Reasons for Variances: In the Saudi market, such variances may occur due to increased competition, price wars, or changes in consumer preferences. The entry of a competitor with a similar product at a lower price led the company to reduce its prices to maintain market share, albeit at the expense of revenue. Additionally, economic factors such as fluctuating disposable income or demand elasticity could influence volume decline, reinforcing the importance of strategic pricing and product differentiation within the local context.
Part 3: Support Department Cost Allocation for a Saudi Operating Company
The third task involves allocating support department costs to operating departments in a Saudi-based enterprise, like Safwan Company, which has personnel (HR) and financial support departments serving production departments like assembly and finishing.
The data include department payrolls:
- Personnel Department: SR 86,000
- Financial Department: SR 41,000
The departmental costs are allocated based on payroll figures:
- Personnel: SR 86,000 is allocated to assembly and finishing departments, perhaps with a ratio based on the number of employees or payroll size.
- Financial: SR 41,000 is similarly allocated based on financial activity or payroll size.
Using the direct method for cost allocation and employee payroll as the base, the costs are allocated directly from support to production departments without considering inter-support department interactions. For instance, personnel costs are allocated based on employee counts or salary proportions. If assembly has 60% of employees; and finishing has 40%, then:
- Personnel Department: SR 86,000 × 60% = SR 51,600 to assembly, SR 34,400 to finishing.
Similarly, for the financial department, allocation might follow the same logic; for example, if assembly accounts for 70% of financial activity, then SR 41,000 × 70% = SR 28,700 allocated to assembly, with the remainder to finishing.
This allocation helps in assessing the true cost of production and aids strategic decision-making by accurately reflecting departmental expenses.

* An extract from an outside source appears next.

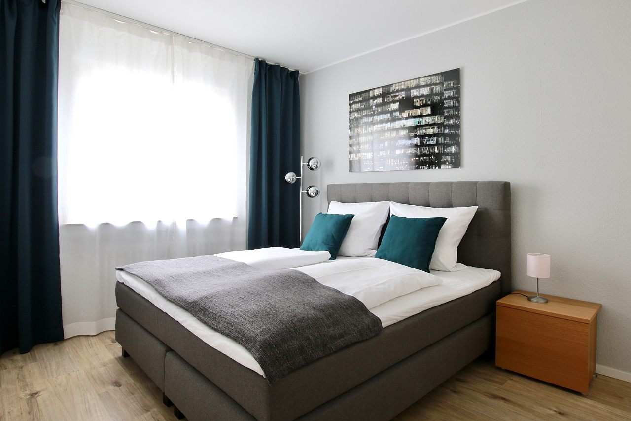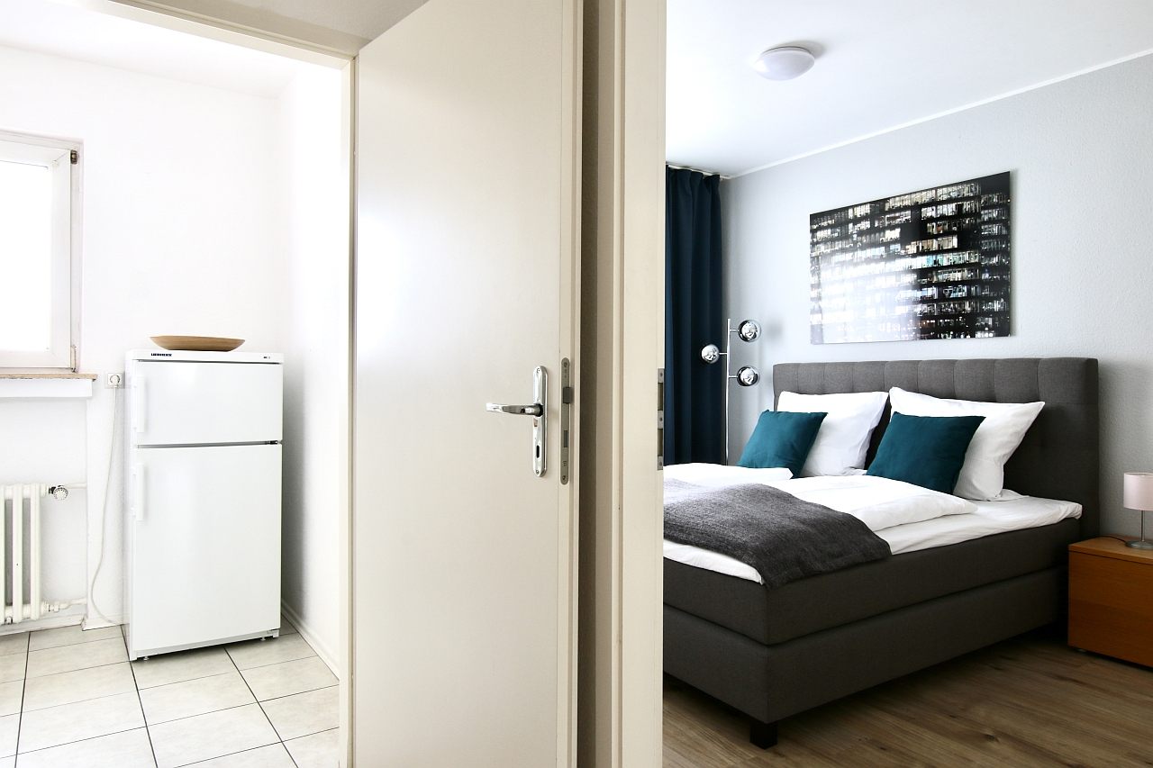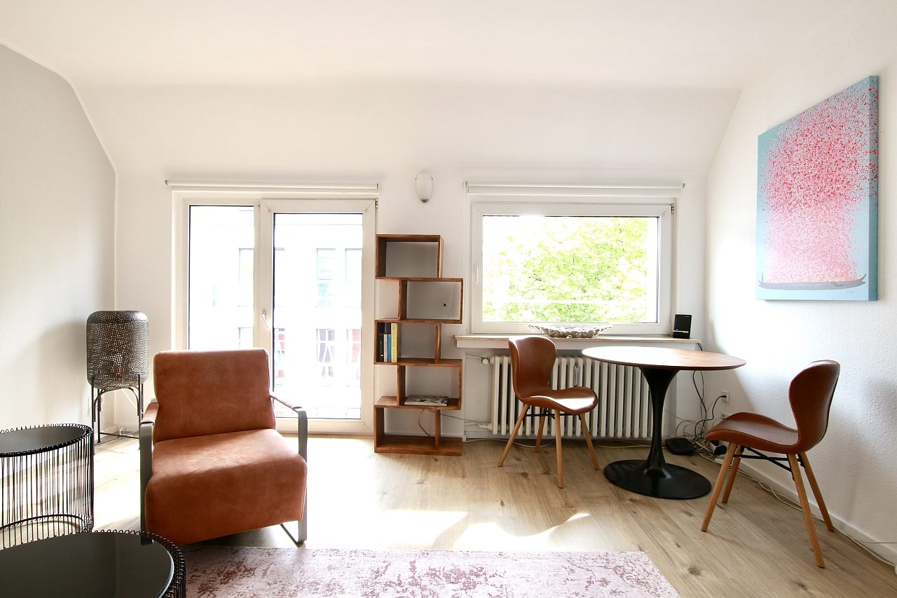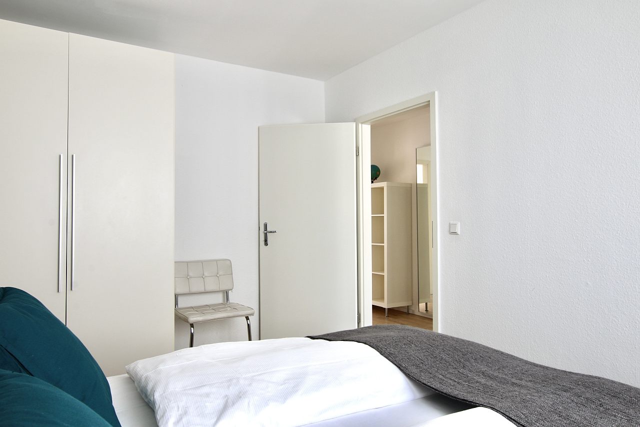 Balkon, Schlafzimmer Bett 1,60 m, Wohnzimmer mit Schlafsofa, WLAN-Internetanschluss inkl., Bettwäsche- und Reinigungsservice auf Anfrage gegen Aufpreis möglich, Mindestmietdauer 6 Monate,

Local Context: In Saudi companies, accurate cost allocation ensures better understanding of profit centers, assists in pricing strategies, and aligns with Saudi accounting and tax regulations. Use of activity-based costing could further refine allocations for complex operations.
Conclusion
Effective management accounting practices, such as preparing detailed budgets, analyzing variances, and allocating support costs, are essential for Saudi companies aiming to optimize operational efficiency and profitability. Local market dynamics, competitive conditions, and regulatory environments influence these processes significantly. Implementing precise budgeting and variance analysis facilitates better strategic decisions, cost control, and competitive positioning within the Saudi economic landscape.
References
- Drury, C. (2018). Management and Cost Accounting. Cengage Learning.

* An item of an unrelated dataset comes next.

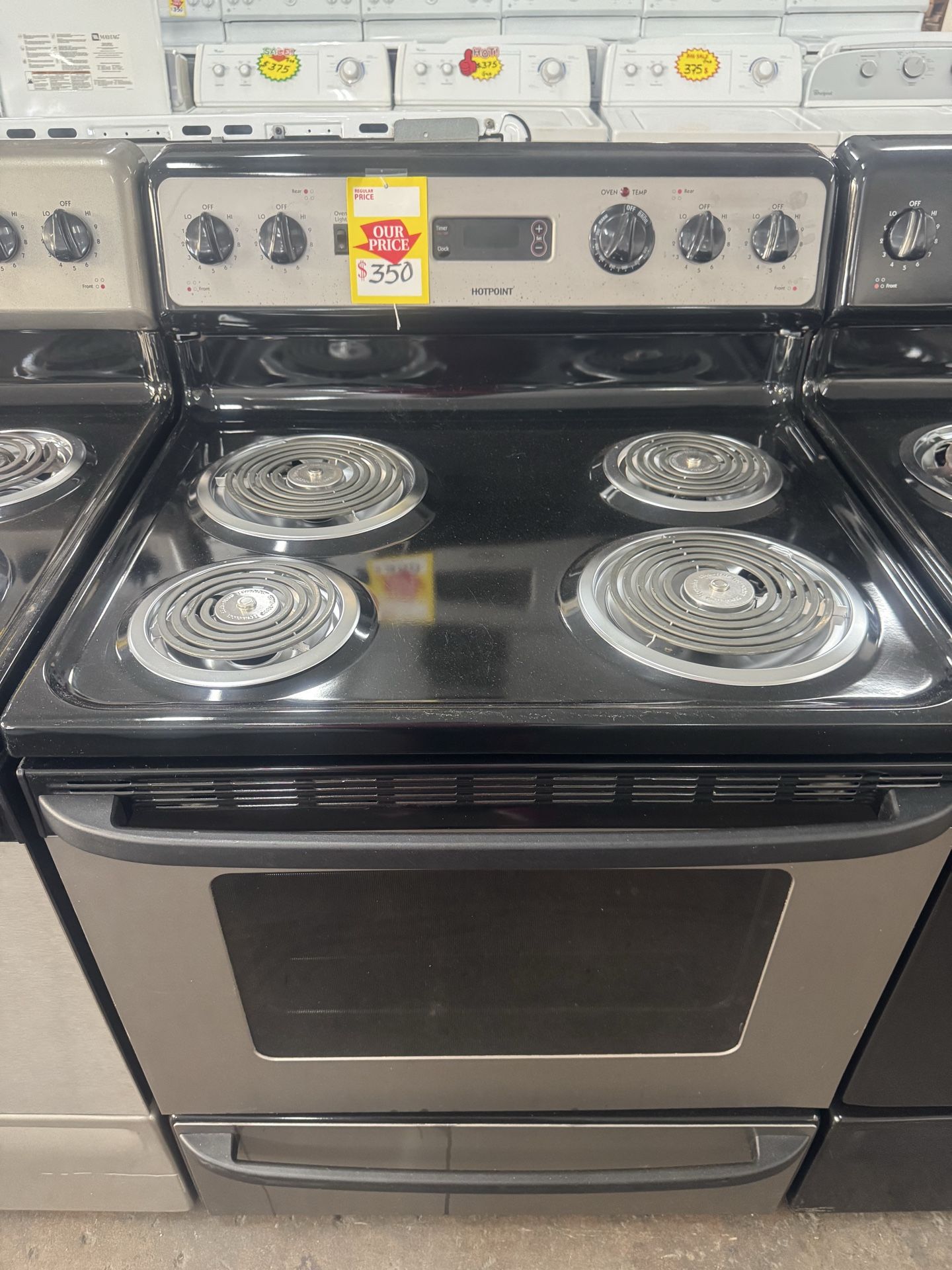 Used good conditions HOTPOINT 30” electric coils stove 220 volts black and grey color Working good 90 days warranty We offer delivery and installation for extra charge

- Hilton, R. W., & Platt, D. E. (2016). Managerial Accounting: Creating Value in a Dynamic Business Environment. McGraw-Hill Education.
- Alam, M., & Naseem, M. A. (2015). Cost Management in Saudi Arabian Manufacturing Firms: Evidence from Textiles. Journal of Business and Economics.
- Siddiqui, S. (2019). Cost Accounting Practices in Saudi Arabia: An Empirical Study. International Journal of Business and Management.
- Hussein, M., & Al-Ghamdi, S. (2020). Budgeting and Variance Analysis in the Saudi Oil Industry. Arab Journal of Administrative Sciences.
- Al-Suhaimi, B. (2017). Activity-Based Costing in Saudi Manufacturing Sector. Journal of Cost Management.
- King Abdulaziz City for Science and Technology (KACST). (2019). Economic Reports on Saudi Industrial Growth.
- OECD. (2020). Cost Management in Middle Eastern Economies. OECD Publishing.
- Saudi Arabian Monetary Authority. (2021). Annual Economic Review.
- Alshubaiki, I. (2018). Strategic Cost Management in Saudi Arabia. International Journal of Financial Studies.